# What the exercise asks:
Could you repeat the data word for word while skipping the pictures?

# Dataset section:
-- Opening Marker --
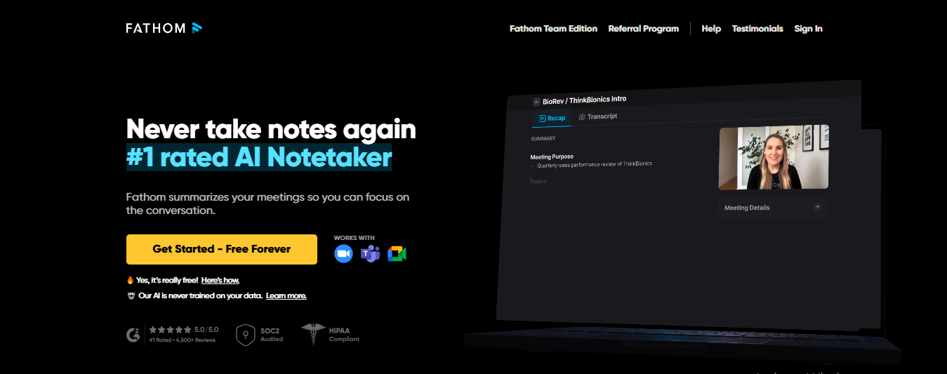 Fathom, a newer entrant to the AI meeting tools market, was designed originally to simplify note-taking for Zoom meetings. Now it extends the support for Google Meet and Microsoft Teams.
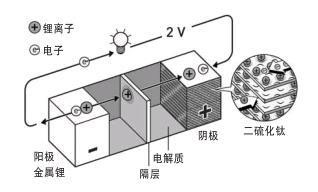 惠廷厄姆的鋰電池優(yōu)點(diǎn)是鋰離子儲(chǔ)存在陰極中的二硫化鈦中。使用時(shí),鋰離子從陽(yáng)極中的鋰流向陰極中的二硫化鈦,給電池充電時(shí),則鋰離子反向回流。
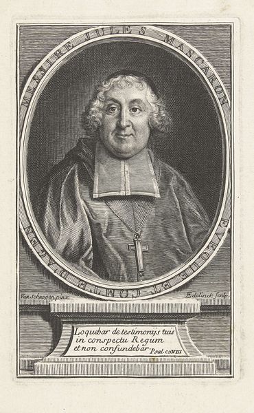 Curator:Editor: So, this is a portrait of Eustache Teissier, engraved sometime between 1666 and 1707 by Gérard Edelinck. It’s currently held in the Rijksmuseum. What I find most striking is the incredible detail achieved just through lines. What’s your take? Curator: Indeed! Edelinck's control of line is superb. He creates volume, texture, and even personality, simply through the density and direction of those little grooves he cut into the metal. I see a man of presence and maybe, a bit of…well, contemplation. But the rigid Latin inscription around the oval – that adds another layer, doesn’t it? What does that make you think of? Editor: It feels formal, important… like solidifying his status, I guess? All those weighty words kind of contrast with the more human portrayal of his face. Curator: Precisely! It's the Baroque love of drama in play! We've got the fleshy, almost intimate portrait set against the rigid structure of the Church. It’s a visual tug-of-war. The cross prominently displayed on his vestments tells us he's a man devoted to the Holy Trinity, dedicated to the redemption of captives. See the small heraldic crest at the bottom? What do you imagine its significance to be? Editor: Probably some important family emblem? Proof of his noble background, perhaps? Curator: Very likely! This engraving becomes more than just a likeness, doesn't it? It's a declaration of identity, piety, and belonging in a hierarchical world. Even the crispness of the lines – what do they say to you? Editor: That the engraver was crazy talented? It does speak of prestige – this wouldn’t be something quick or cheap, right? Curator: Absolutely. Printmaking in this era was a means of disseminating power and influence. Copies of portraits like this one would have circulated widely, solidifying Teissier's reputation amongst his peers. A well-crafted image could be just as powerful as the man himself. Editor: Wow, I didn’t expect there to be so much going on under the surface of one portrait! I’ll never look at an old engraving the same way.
-- Closing Marker --
# Result of the task:
 Fathom, a newer entrant to the AI meeting tools market, was designed originally to simplify note-taking for Zoom meetings. Now it extends the support for Google Meet and Microsoft Teams.
 惠廷厄姆的鋰電池優(yōu)點(diǎn)是鋰離子儲(chǔ)存在陰極中的二硫化鈦中。使用時(shí),鋰離子從陽(yáng)極中的鋰流向陰極中的二硫化鈦,給電池充電時(shí),則鋰離子反向回流。
 Curator:Editor: So, this is a portrait of Eustache Teissier, engraved sometime between 1666 and 1707 by Gérard Edelinck. It’s currently held in the Rijksmuseum. What I find most striking is the incredible detail achieved just through lines. What’s your take? Curator: Indeed! Edelinck's control of line is superb. He creates volume, texture, and even personality, simply through the density and direction of those little grooves he cut into the metal. I see a man of presence and maybe, a bit of…well, contemplation. But the rigid Latin inscription around the oval – that adds another layer, doesn’t it? What does that make you think of? Editor: It feels formal, important… like solidifying his status, I guess? All those weighty words kind of contrast with the more human portrayal of his face. Curator: Precisely! It's the Baroque love of drama in play! We've got the fleshy, almost intimate portrait set against the rigid structure of the Church. It’s a visual tug-of-war. The cross prominently displayed on his vestments tells us he's a man devoted to the Holy Trinity, dedicated to the redemption of captives. See the small heraldic crest at the bottom? What do you imagine its significance to be? Editor: Probably some important family emblem? Proof of his noble background, perhaps? Curator: Very likely! This engraving becomes more than just a likeness, doesn't it? It's a declaration of identity, piety, and belonging in a hierarchical world. Even the crispness of the lines – what do they say to you? Editor: That the engraver was crazy talented? It does speak of prestige – this wouldn’t be something quick or cheap, right? Curator: Absolutely. Printmaking in this era was a means of disseminating power and influence. Copies of portraits like this one would have circulated widely, solidifying Teissier's reputation amongst his peers. A well-crafted image could be just as powerful as the man himself. Editor: Wow, I didn’t expect there to be so much going on under the surface of one portrait! I’ll never look at an old engraving the same way.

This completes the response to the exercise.